In recent years Boal has spent much of his time travelling the world running
workshops to popularise his Theatre of the Oppressed, but he and CTO-Rio
continue to work in Brazil. One of the most fascinating projects given the context
of this paper’s examination of whether TO is in any sense ‘revolutionary’ is the
project CTO ran in conjunction with People’s Palace Projects from the UK,
working in Brazilian prisons. The work began in 1995 and has been conducted in
a wide range of prisons, so that today there is a Paul Heritage (the leader of
People’s Palace Projects) theatre in one of Brazil’s maximum security prisons. The
prisons work has involved both prisoners and guards and raises a whole range of
difficult issues for a theatre practice dedicated to promoting freedom from
oppression.

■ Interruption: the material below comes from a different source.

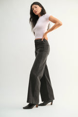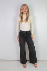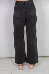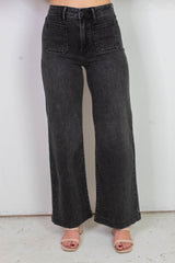 Get ready to rock laid-back vibes with the Leah Patch Pocket Wide Leg Jeans in washed black. These jeans feature fun mini patch pockets and a breezy wide-leg cut that moves with you all day long. The washed denim adds character and a soft, worn-in feel that makes every step feel easy and cool. Perfect for those who love comfort with a dash of playful style!
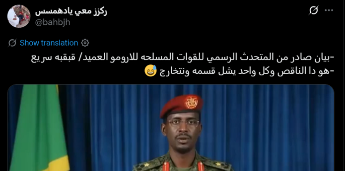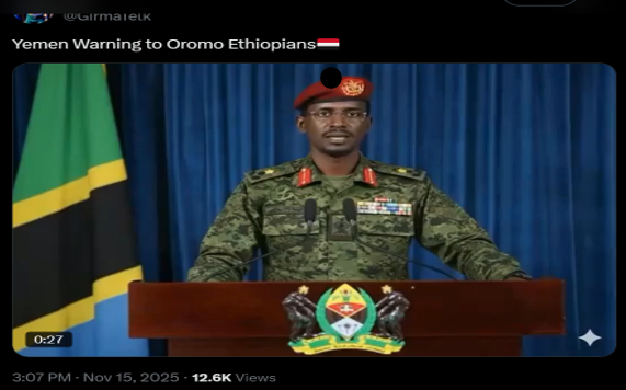 On November 9, 2025, a 37‑second clip circulated widely. It appeared with captions such as “Statement issued by the official spokesperson of the Armed Forces,” “Yemen warning to Oromo Ethiopians,” and “Official spokesperson for the Oromo in Yemen.” Versions in Arabic also appeared.

As Heritage asks, are prisoners oppressed or oppressors? What
agency do prisoners have for achieving meaningful change in the conditions of
their lives? How freely can prisoners speak when constantly observed by vigilant
guards?14 Obviously a range of funders and the Brazilian state have found this
work worthwhile for it has been ongoing for over a decade. Its revolution was
never going to be in the overthrow of unjust systems, though it may perhaps lie
in revolutionary change in the worldview of particular prisoners or guards.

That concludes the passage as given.